Torturing the rule of law.

AuthorGlennon, Michael J.

The first great object of a constitution, believed many of the Framers of the United States Constitution, is to enable the government to protect the people from external attack. Relative to the track records of other countries, the U.S. government's success rate in that regard has been little short of astonishing. Through 225 years of threats from air, sea and land that have claimed hundreds of millions of lives in other countries, only a tiny handful of Americans have fallen victim to such attacks. So remarkable has been the government's record that in the aftermath of the tragedy of September 11, 2001, Americans were at a loss to recall the last major deadly attack within North America (in June 1876, when Sioux Indians wiped out Custer's cavalry at the Battle of the Little Big Horn, killing more than 250). Few today are surprised to learn that lightning strikes have killed more Americans in the last twenty years than terrorist attacks.

Enabling the government to protect the people, however, is hardly the Constitution's only purpose. Its second great object, the Framers believed, is to protect the people from the government. In this respect, the risk has risen considerably, for the greater the government's capacity to protect against external threats, the greater the internal threat from the government itself. The Framers sought to meet that internal threat in part by setting up a system in which the three branches of the federal government, in competing for power, would produce an equilibrium that would guard against autocracy. But today that equilibrium has largely broken down. In July, the CIA acknowledged that it had spied on its Senate oversight committee and then lied about it. Given the emblematic significance of that event, a brief recap is in order.

In 2009, the Senate Select Committee on Intelligence initiated a study of the CIA's rendition, detention and interrogation activities.
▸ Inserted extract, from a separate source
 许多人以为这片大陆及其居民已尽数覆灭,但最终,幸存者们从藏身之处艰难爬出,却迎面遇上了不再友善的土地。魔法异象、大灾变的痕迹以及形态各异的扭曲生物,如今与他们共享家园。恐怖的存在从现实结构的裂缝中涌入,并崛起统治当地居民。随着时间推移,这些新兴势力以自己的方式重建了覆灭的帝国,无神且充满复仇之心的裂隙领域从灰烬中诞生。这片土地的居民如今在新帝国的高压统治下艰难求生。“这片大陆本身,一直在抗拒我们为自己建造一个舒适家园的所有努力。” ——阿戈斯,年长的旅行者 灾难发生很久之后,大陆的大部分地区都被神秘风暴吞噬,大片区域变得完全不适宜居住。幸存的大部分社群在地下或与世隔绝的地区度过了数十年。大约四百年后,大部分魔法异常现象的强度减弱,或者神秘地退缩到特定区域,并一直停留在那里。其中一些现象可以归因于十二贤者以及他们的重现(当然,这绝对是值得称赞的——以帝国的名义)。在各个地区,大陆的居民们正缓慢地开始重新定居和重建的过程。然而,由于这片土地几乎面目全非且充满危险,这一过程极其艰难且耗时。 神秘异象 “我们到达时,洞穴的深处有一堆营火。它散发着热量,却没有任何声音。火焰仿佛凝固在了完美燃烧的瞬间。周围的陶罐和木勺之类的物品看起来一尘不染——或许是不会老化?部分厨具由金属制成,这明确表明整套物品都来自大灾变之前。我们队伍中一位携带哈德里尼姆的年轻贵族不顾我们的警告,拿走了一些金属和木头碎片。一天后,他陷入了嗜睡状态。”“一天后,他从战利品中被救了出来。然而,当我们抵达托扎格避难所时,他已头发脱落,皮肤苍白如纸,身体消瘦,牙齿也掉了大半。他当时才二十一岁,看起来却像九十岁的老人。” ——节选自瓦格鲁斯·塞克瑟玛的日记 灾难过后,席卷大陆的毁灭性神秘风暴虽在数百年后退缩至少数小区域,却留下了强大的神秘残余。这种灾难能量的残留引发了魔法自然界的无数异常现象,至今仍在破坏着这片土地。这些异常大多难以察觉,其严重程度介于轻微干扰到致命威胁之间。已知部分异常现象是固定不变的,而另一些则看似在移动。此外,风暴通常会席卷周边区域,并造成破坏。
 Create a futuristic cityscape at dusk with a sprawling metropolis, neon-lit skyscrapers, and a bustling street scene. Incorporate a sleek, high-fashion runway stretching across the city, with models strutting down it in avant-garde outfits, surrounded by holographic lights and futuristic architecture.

The CIA itself installed computers at a CIA facility for use by the committee staff in reviewing relevant documents. Some of the information on the computers was understood to consist of Senate documents and as such its availability was restricted to the committee staff. Nonetheless, five CIA officials--two attorneys and three information-technology staff members--surreptitiously accessed the documents. Following a related dispute with the committee staff, a CIA official accused that staff of crimes and filed a report with the Justice Department (which itself turned out to be based on inaccurate information).
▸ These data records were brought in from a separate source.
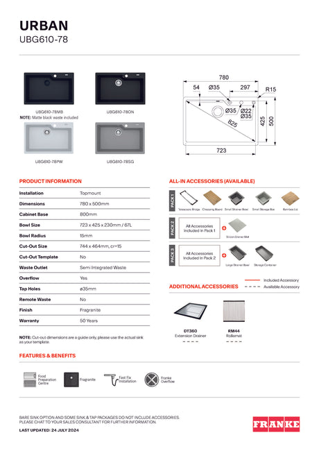 $860.00$1,049.00Unit price /UnavailableFranke UBG610-78PW Urban Fragranite 780mm Single Bowl Topmount Sink, Polar White
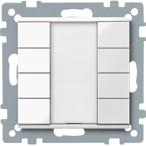 Со встроенным шинным соединителем. Кнопочный выключатель с 8 кнопками управления, индикатором рабочего состояния и полем для надписи. Индикатор рабочего состояния можно использовать также в качестве подсветки для ориентации. Устройство соединяется с линией шины через соединительную клемму шины.
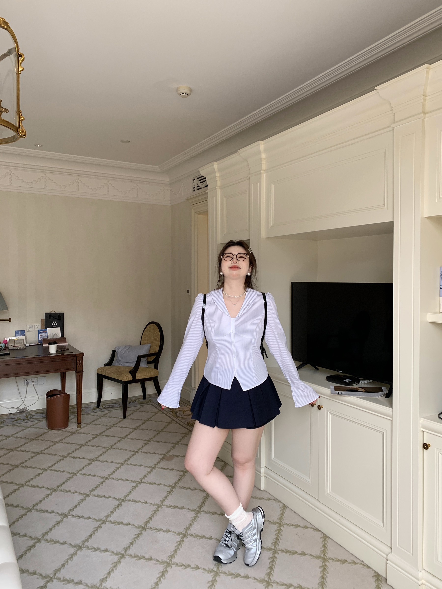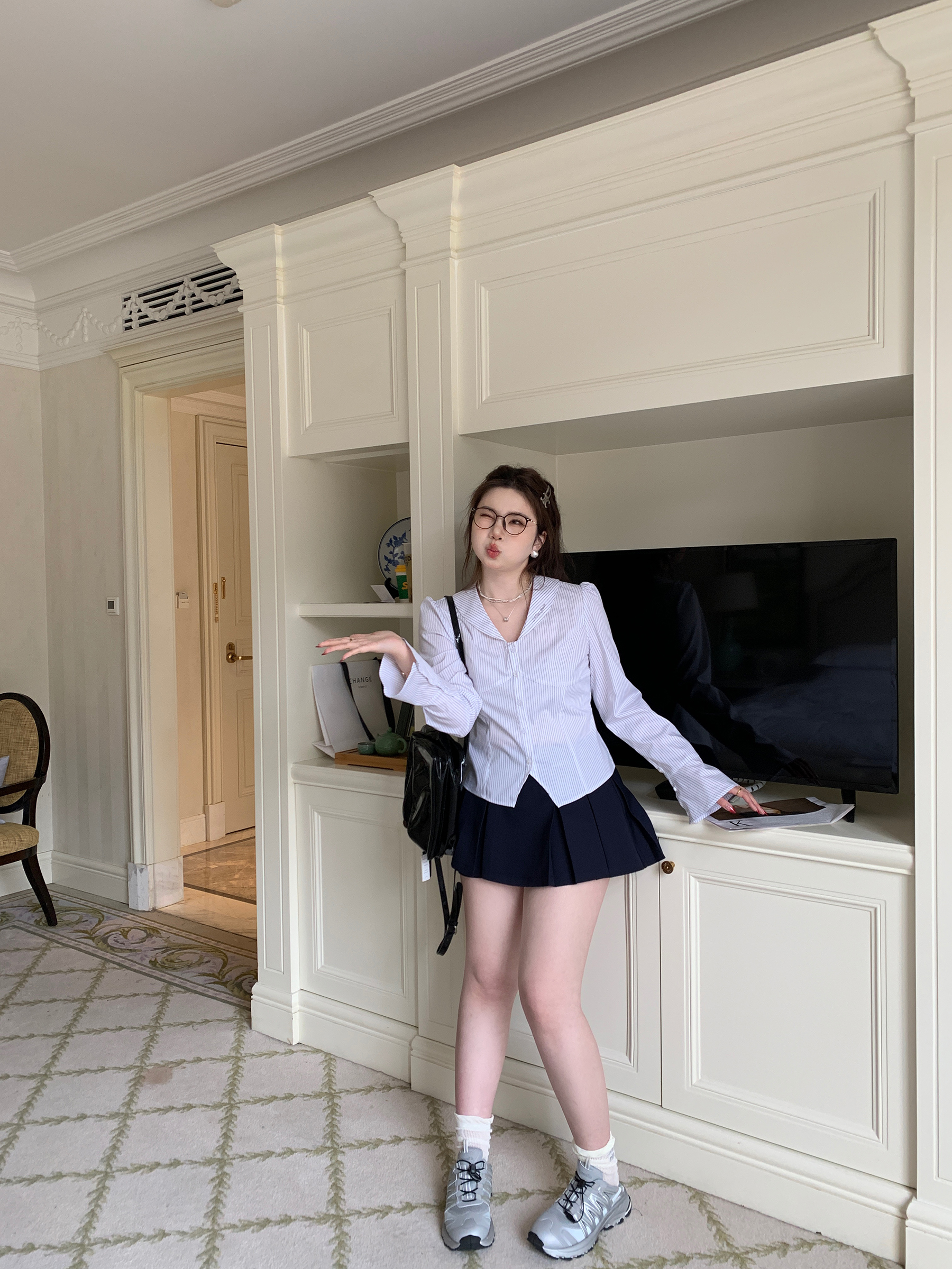 Slightly Chubby White Long Sleeve Shirt WaiStripes Casual Top Wear High-quality product featuring casual outfits winter, casual winter outfits, going out outfits and more. Modern design that fits the latest trends. Premium materials ensure durability and comfort. Order now for special offers! Product designed with attention to every detail. Suitable for all occasions and personal styles.

In response, Senator Dianne Feinstein, chairman of the committee, took to the Senate floor in March 2014 to say that "CIA personnel had conducted a 'search'--that was [CIA director] John Brennan's word--of the committee computers ... of the 'stand-alone' and 'walled-off' committee network drive containing the committee's own internal work product and communications." In addition, she said, the agency had removed files from the committee's computers, read its staff members' e-mail messages and tried to intimidate them. Brennan, however, was quick to deny any wrongdoing by the agency. "Nothing could be further from the truth," he said. "I mean, we wouldn't do that. I mean, that's just beyond the scope of reason in terms of what we would do."
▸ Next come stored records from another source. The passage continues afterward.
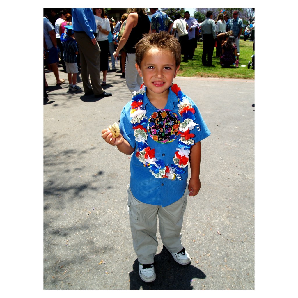 Here is Anthony at his kindergarten graduation and I nearly cried when he ran out of the room with his construction-paper mortarboard and cookies in hand. In fact if I remember correctly, the first thing he asked me was if I had finished the bottle of water I had during the ceremony because he was thirsty. It was the first huge event I would see, and keep an eye on that “Congrats Graduate” button given to him by his grandmother.
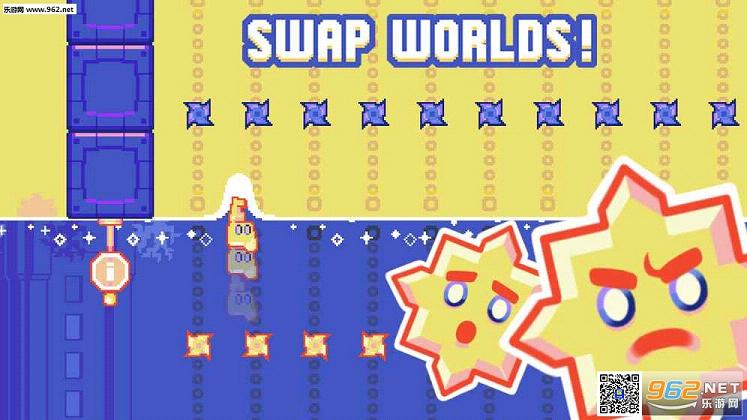 《交换跳跃》是由Nitrome出品的一款益智休闲游戏。在游戏中,主角因为一种神秘的力量被传送到了另一个世界,他可以穿梭于重力与反重力两个世界,玩家通过收获的宝石可以用来购买存盘点,否则死了就只能从头来,游戏采用滑动操作,略微不顺手。
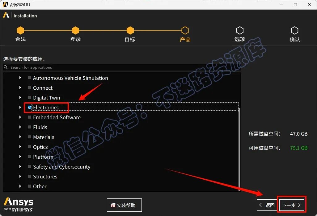 7.´Ë°²×°°üÖ»°üº¬µç´Å·ÂÕæÏà¹ØµÄÄÚÈÝ£¬ËùÒÔÖ»Äܹ´Ñ¡Electronics°²×°Ïµã»÷“ÏÂÒ»²½”
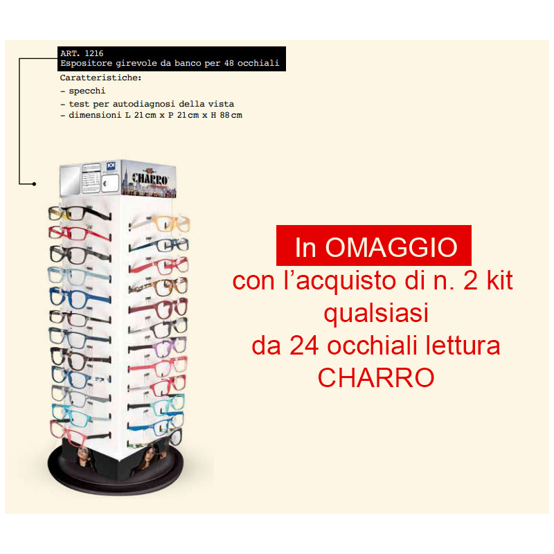 Pratico e comodo espositore da banco girevole, per l'esposizione di 48 occhiali da lettura Charro. L'espositore viene omaggiato, su richiesta, con l'acquisto di 2 kit da 24 occhiali da lettura charro.
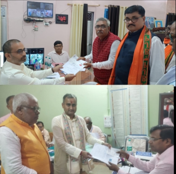विनोद नारायण झा और सुधांशु शेखर नामांकन करते

On July 31, four months later, the CIA inspector general issued a one-page statement confirming the spying. Brennan apologized to Feinstein and the committee's vice chairman, Senator Saxby Chambliss (though not to the committee, the Senate, the president or the public). President Barack Obama proceeded to assert his "full confidence" in Brennan. The CIA announced that a panel would be set up to look into the matter, including, presumably, Brennan's own role. Its members would be selected by Brennan. Though the Justice Department declined to investigate, major questions remained unanswered. Who ordered the search? Flow many intrusions occurred? Who within the CIA was given the purloined documents? Were they transmitted beyond the CIA? Who within the White Flouse, if anyone, was informed of the CIA's searches? When did the White House learn of them? And what action did it take then?

This was not the first time that Obama had failed to take disciplinary action in response to a senior intelligence official's public falsehood. Director of National Intelligence James Clapper, the official Obama designated to oversee the declassification of the torture report, testified on behalf of the Obama administration before Feinstein's committee on March 12, 2013. He was asked directly about the National Security Agency's (NSA) surveillance by Senator Ron Wyden. "Does the NSA collect any type of data at all on millions or hundreds of millions of Americans?" Wyden asked. Clapper responded, "No, sir." Wyden followed up: "It does not?" Clapper replied, "Not wittingly." Following the Edward Snowden disclosures, Clapper admitted that his testimony was false. On June 9, 2013, he described his response to NBC's Andrea Mitchell as the "least untruthful" statement he could give, suggesting that he had understood the question and deliberated on how it should be answered. (Unlike Clapper's, Brennan's statement was not made to a congressional committee and therefore was not subject to potential criminal penalties.)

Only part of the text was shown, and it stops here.